(EXERCISE PROMPT)
Repeat the entries below exactly, pictures excluded.
---------- RECORD EXCERPTS ----------
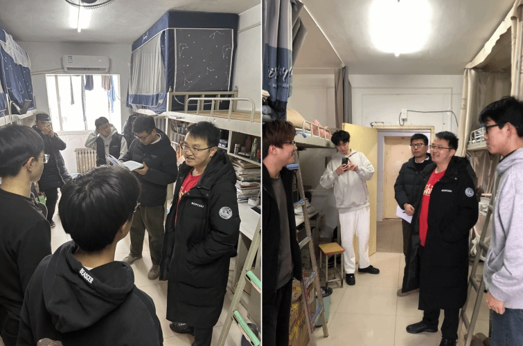 走访过程中,学院两位领导与同学们进行了亲切的交流,详细询问了大家的假期家庭情况、校园生活、补考复习及开学准备情况。
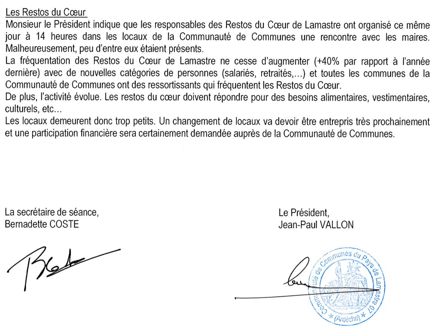 1. Dans la note concernant les Restos du Cœur, dans le PV du Conseil ComCom du 7 avril dernier, c’est rigolo : in fine, le PV indique que les locaux sont devenus trop petits. Et, en soi, ce n’est pas vrai !
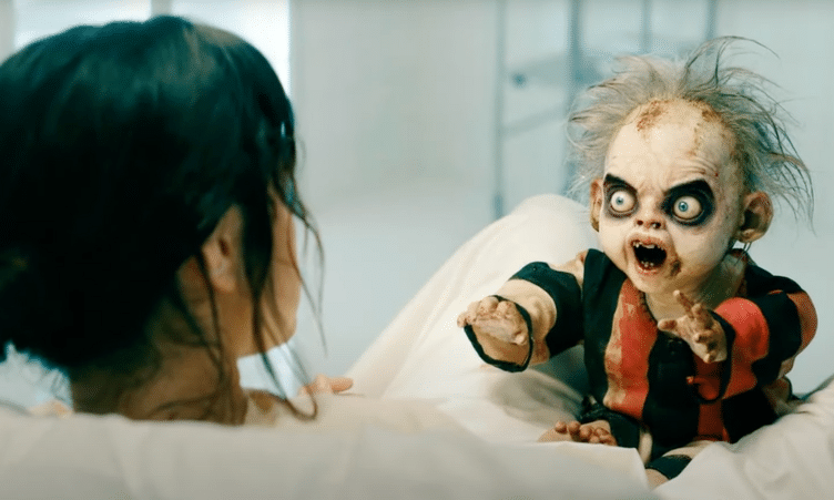 Cette créature apparaît pour la première fois lors d’une scène de “thérapie” particulièrement absurde, lors de laquelle Beetlejuice force Lydia (Winona Ryder) à accoucher d’un bébé démon. Le nourrisson revient ensuite dans un rêve de Lydia, dans lequel Astrid (Jenna Ortega) donne à son tour naissance à cette entité sortie de nos pires cauchemars. Grognements, souffles rauques, babillements inquiétants : tous ces sons proviennent directement de la bouche du réalisateur.
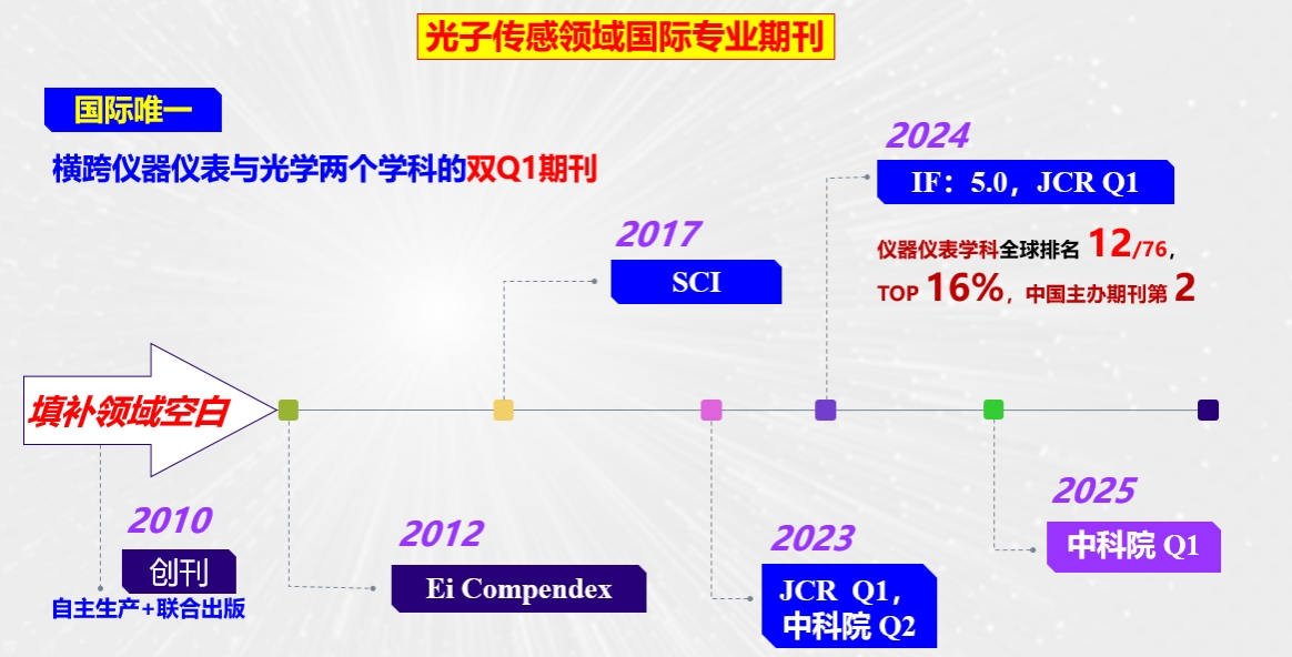 《Photonic Sensors》于2010年创刊,由教育部主管、电子科技大学主办,由电子科技大学与施普林格自然集团联合出版的国际上第一本光子传感领域专业期刊。创刊主编饶云江教授是国家重要人才计划入选者,IEEE、OSA、SPIE三会士,中国光学学会纤维光学与集成光学专委会副主任,中国光学工程学会光纤传感技术与应用专委会副主任、常务理事,电子科技大学光纤传感与通信教育部重点实验室主任。PhoS自2017年进入SCI以来,已连续7年入选“中国国际影响力优秀学术期刊”。
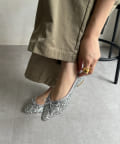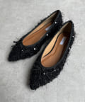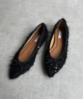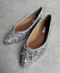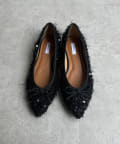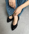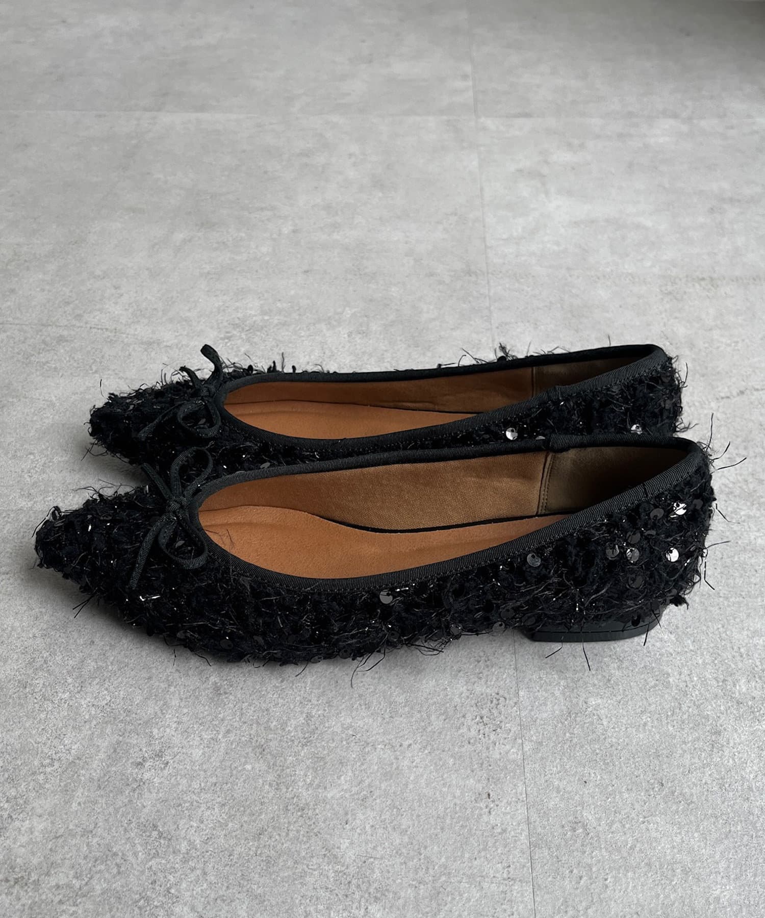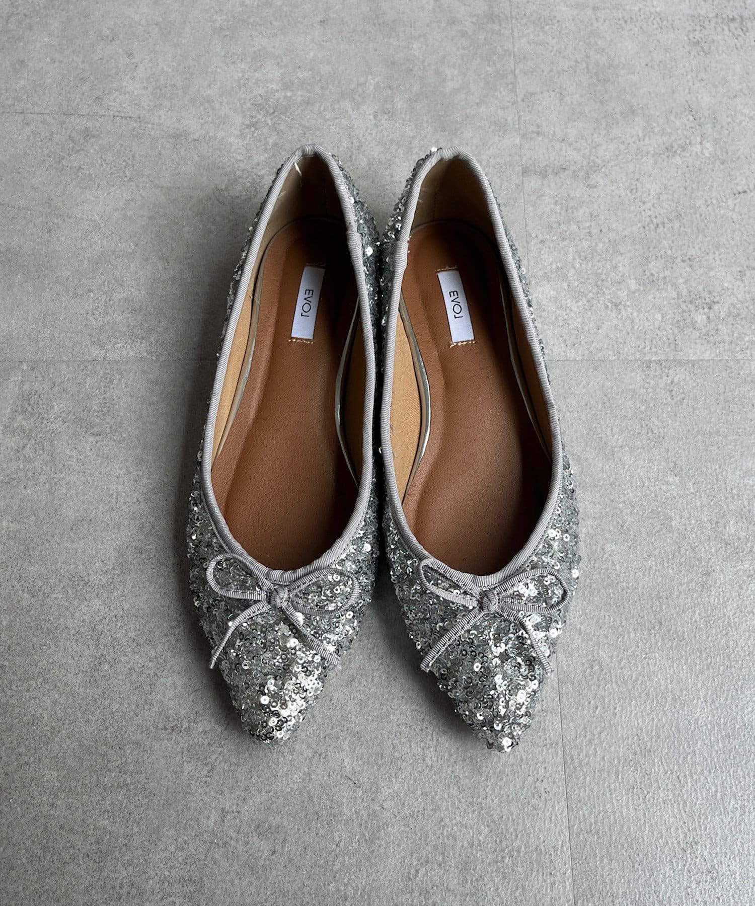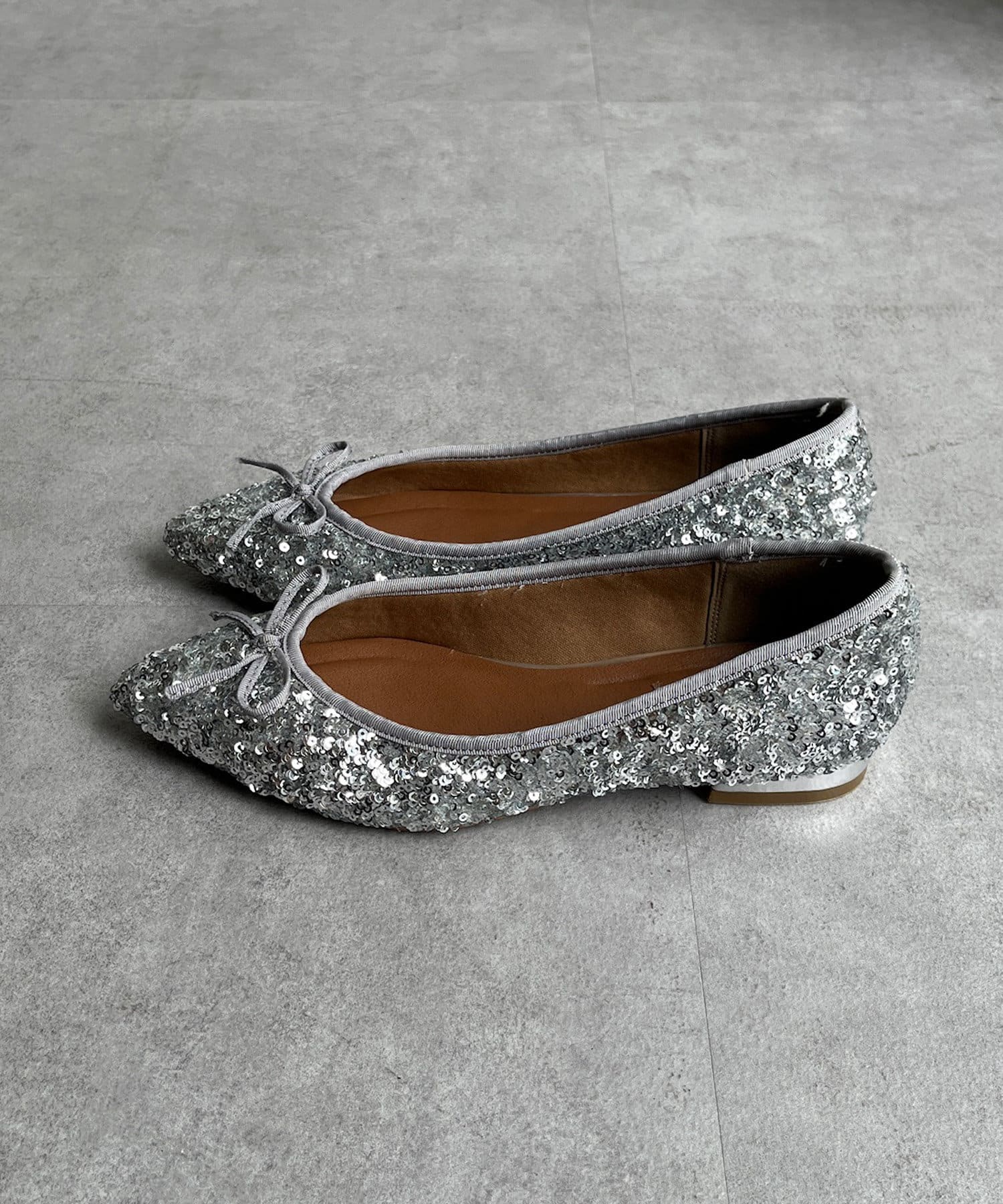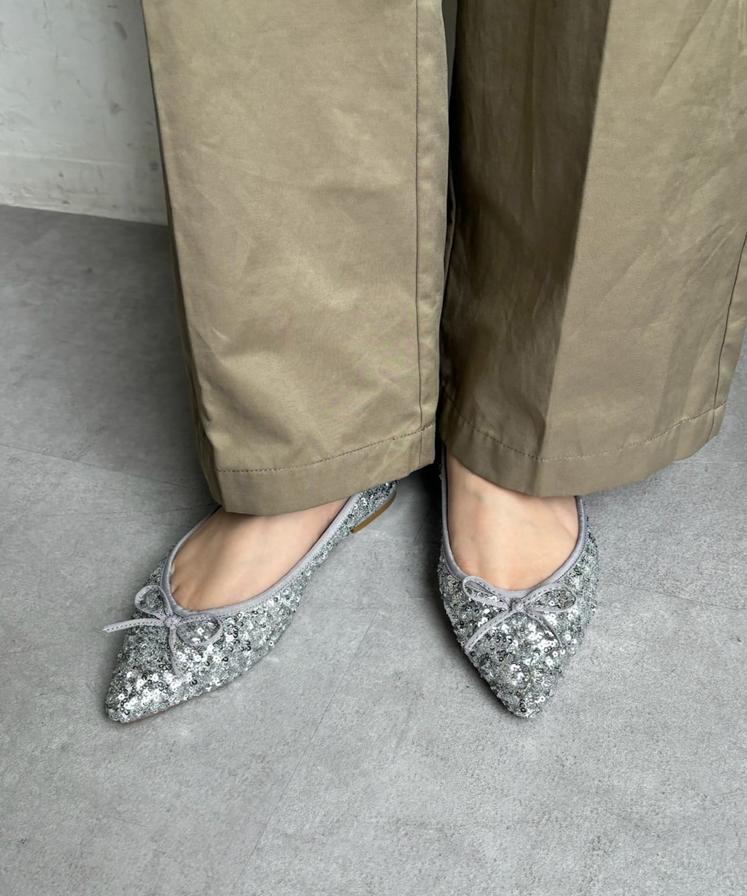 コーディネートのポイントになるスパンコールバレエシューズ。
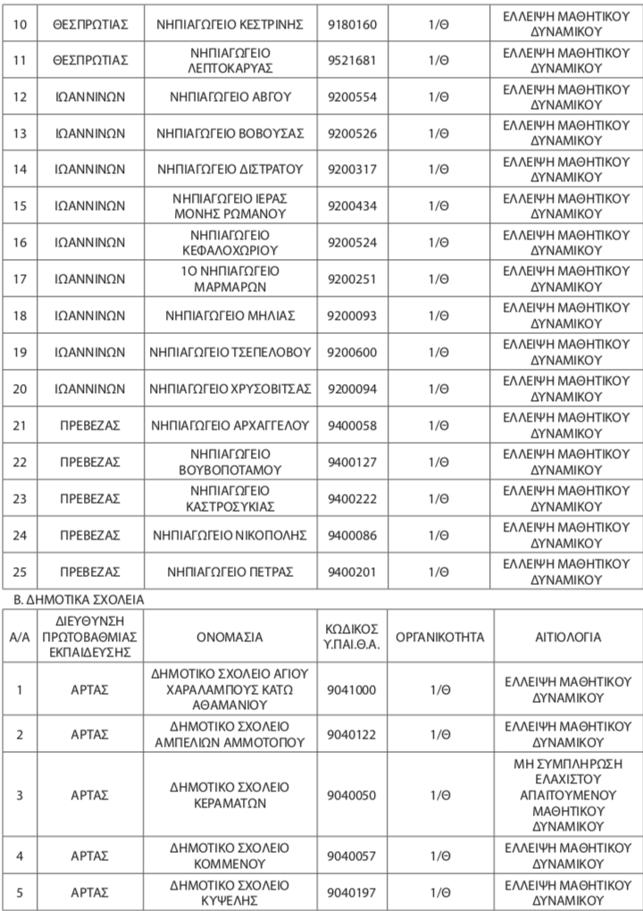 Λόγω έλλειψης μαθητών αποφασίστηκε η αναστολή λειτουργίας για τη σχολική χρονιά 2025-2026 σε 38 σχολεία Πρωτοβάθμιας εκπαίδευσης της Ηπείρου. 25 Νηπιαγωγεία και 13 Δημοτικά σχολεία και στους 4 νομούς της Περιφέρειας θα παραμείνουν κλειστά λόγω έλλειψης μαθητών, δεν συγκεντρώνουν δηλαδή τον επαρκή αριθμό μαθητών, ή δεν έχουν καθόλου μαθητές. Η απόφαση πάρθηκε από την Περιφερειακή Διεύθυνση Εκπαίδευσης Ηπείρου, μετά από σχετικές εισηγήσεις των Διευθύνσεων Εκπαίδευσης των τεσσάρων Νομών.
----------
(RESULT FOR THIS EXERCISE)
 走访过程中,学院两位领导与同学们进行了亲切的交流,详细询问了大家的假期家庭情况、校园生活、补考复习及开学准备情况。
 1. Dans la note concernant les Restos du Cœur, dans le PV du Conseil ComCom du 7 avril dernier, c’est rigolo : in fine, le PV indique que les locaux sont devenus trop petits. Et, en soi, ce n’est pas vrai !
 Cette créature apparaît pour la première fois lors d’une scène de “thérapie” particulièrement absurde, lors de laquelle Beetlejuice force Lydia (Winona Ryder) à accoucher d’un bébé démon. Le nourrisson revient ensuite dans un rêve de Lydia, dans lequel Astrid (Jenna Ortega) donne à son tour naissance à cette entité sortie de nos pires cauchemars. Grognements, souffles rauques, babillements inquiétants : tous ces sons proviennent directement de la bouche du réalisateur.
 《Photonic Sensors》于2010年创刊,由教育部主管、电子科技大学主办,由电子科技大学与施普林格自然集团联合出版的国际上第一本光子传感领域专业期刊。创刊主编饶云江教授是国家重要人才计划入选者,IEEE、OSA、SPIE三会士,中国光学学会纤维光学与集成光学专委会副主任,中国光学工程学会光纤传感技术与应用专委会副主任、常务理事,电子科技大学光纤传感与通信教育部重点实验室主任。PhoS自2017年进入SCI以来,已连续7年入选“中国国际影响力优秀学术期刊”。
 コーディネートのポイントになるスパンコールバレエシューズ。
 Λόγω έλλειψης μαθητών αποφασίστηκε η αναστολή λειτουργίας για τη σχολική χρονιά 2025-2026 σε 38 σχολεία Πρωτοβάθμιας εκπαίδευσης της Ηπείρου. 25 Νηπιαγωγεία και 13 Δημοτικά σχολεία και στους 4 νομούς της Περιφέρειας θα παραμείνουν κλειστά λόγω έλλειψης μαθητών, δεν συγκεντρώνουν δηλαδή τον επαρκή αριθμό μαθητών, ή δεν έχουν καθόλου μαθητές. Η απόφαση πάρθηκε από την Περιφερειακή Διεύθυνση Εκπαίδευσης Ηπείρου, μετά από σχετικές εισηγήσεις των Διευθύνσεων Εκπαίδευσης των τεσσάρων Νομών.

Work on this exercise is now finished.